What you need to do.
The material below holds pictures; leave them out and reproduce exactly the lines from the one with "Enroll your child" through the one with "Happy Running Medal", inclusive.

Exercise inputs.
○ ○ ○
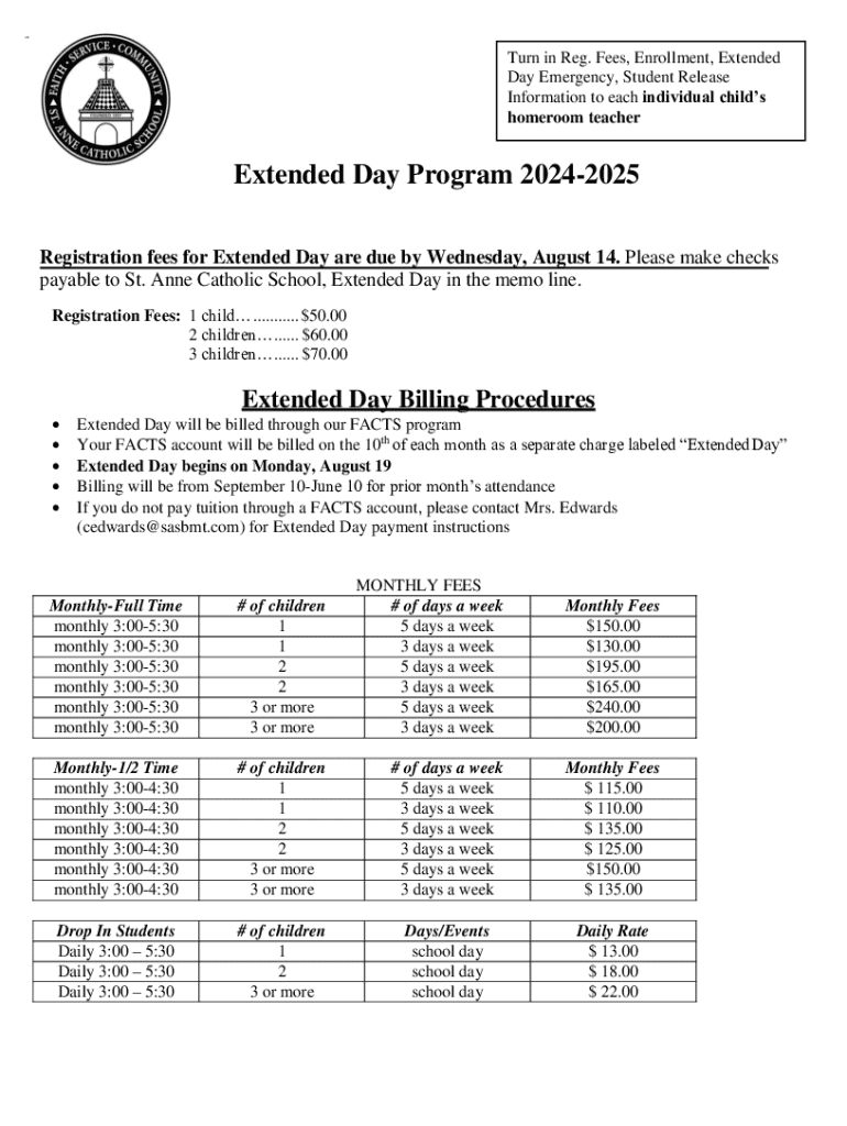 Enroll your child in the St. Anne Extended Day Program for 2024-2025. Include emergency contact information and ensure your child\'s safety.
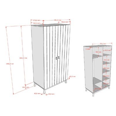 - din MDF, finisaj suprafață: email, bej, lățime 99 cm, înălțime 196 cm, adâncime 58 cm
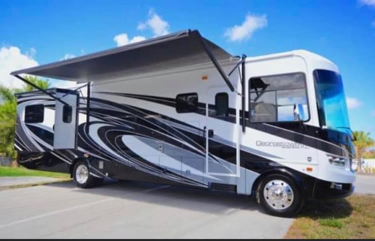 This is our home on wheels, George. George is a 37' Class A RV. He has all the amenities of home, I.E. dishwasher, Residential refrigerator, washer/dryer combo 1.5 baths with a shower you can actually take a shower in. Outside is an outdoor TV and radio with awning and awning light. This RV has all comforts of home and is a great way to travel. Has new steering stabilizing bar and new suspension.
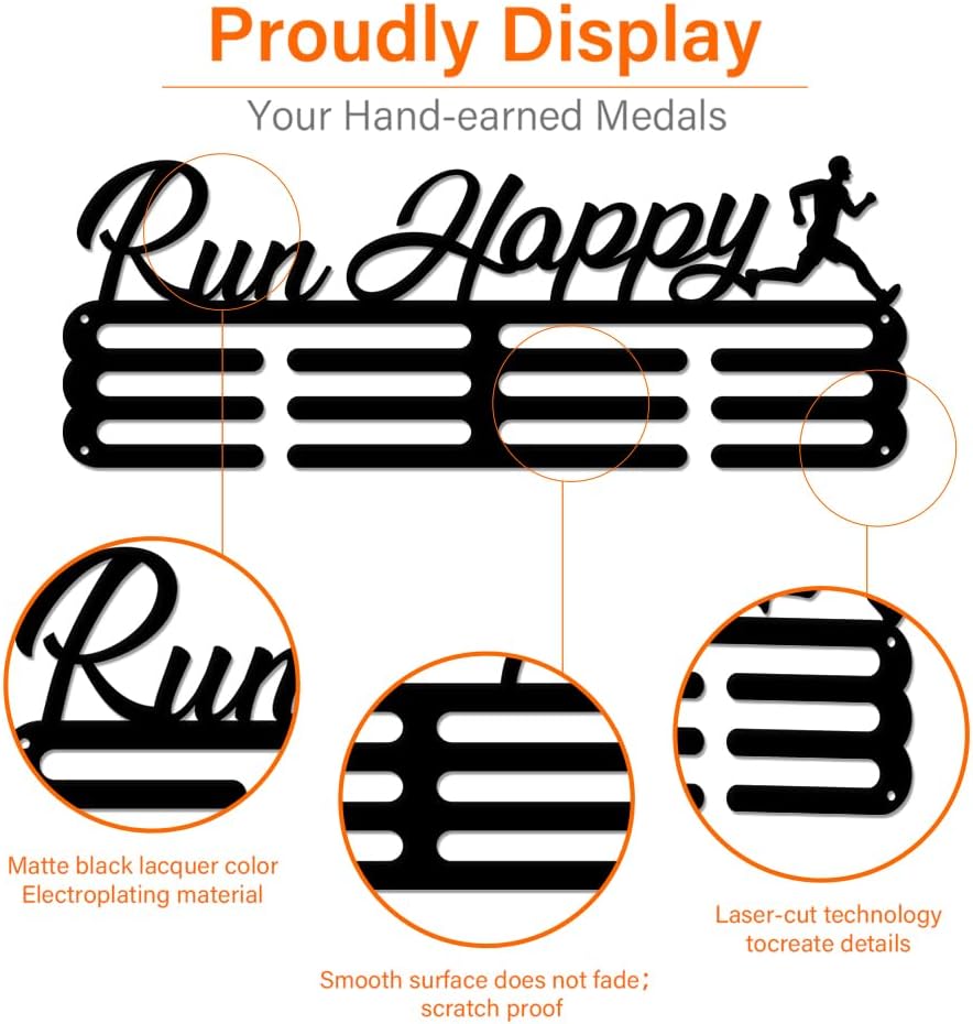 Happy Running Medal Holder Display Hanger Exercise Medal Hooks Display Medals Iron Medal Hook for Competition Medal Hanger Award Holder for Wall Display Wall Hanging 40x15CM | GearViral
○ ○ ○
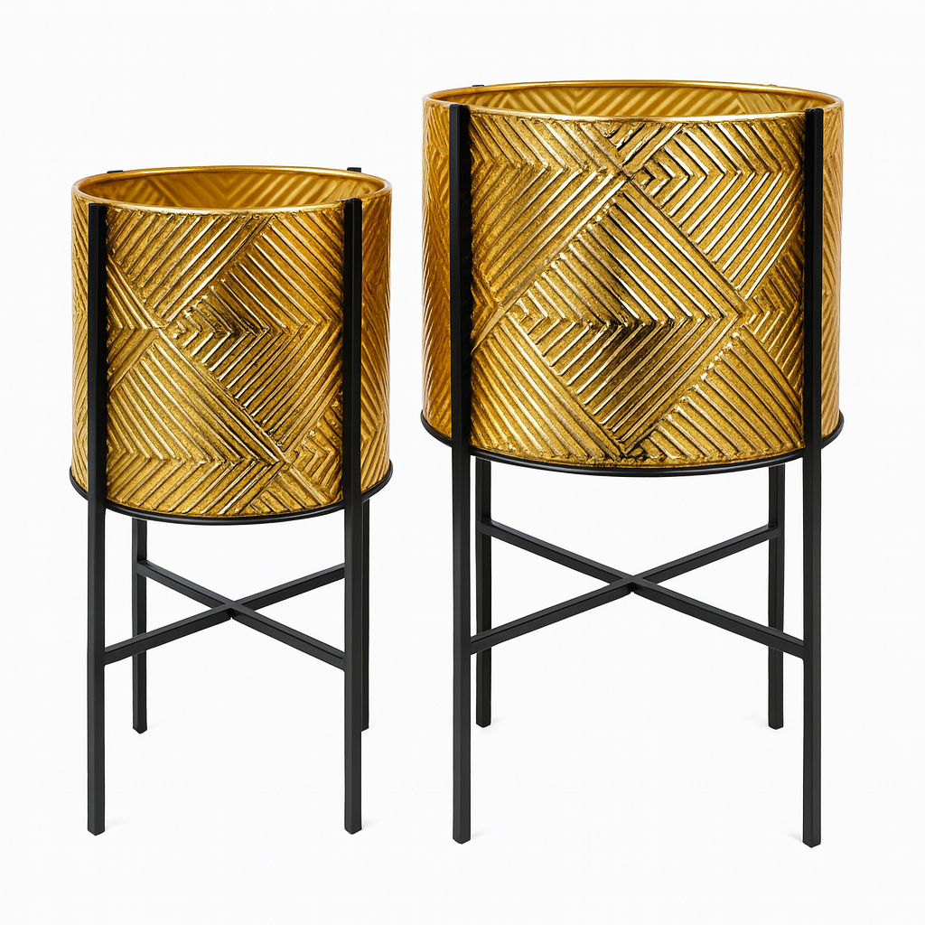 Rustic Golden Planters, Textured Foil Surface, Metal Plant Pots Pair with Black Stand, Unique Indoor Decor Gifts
○ ○ ○
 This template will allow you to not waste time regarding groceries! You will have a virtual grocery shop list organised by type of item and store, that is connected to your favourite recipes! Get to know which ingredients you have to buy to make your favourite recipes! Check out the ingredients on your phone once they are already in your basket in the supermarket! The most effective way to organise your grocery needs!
○ ○ ○
Response box.
 Enroll your child in the St. Anne Extended Day Program for 2024-2025. Include emergency contact information and ensure your child\'s safety.
 - din MDF, finisaj suprafață: email, bej, lățime 99 cm, înălțime 196 cm, adâncime 58 cm
 This is our home on wheels, George. George is a 37' Class A RV. He has all the amenities of home, I.E. dishwasher, Residential refrigerator, washer/dryer combo 1.5 baths with a shower you can actually take a shower in. Outside is an outdoor TV and radio with awning and awning light. This RV has all comforts of home and is a great way to travel. Has new steering stabilizing bar and new suspension.
 Happy Running Medal Holder Display Hanger Exercise Medal Hooks Display Medals Iron Medal Hook for Competition Medal Hanger Award Holder for Wall Display Wall Hanging 40x15CM | GearViral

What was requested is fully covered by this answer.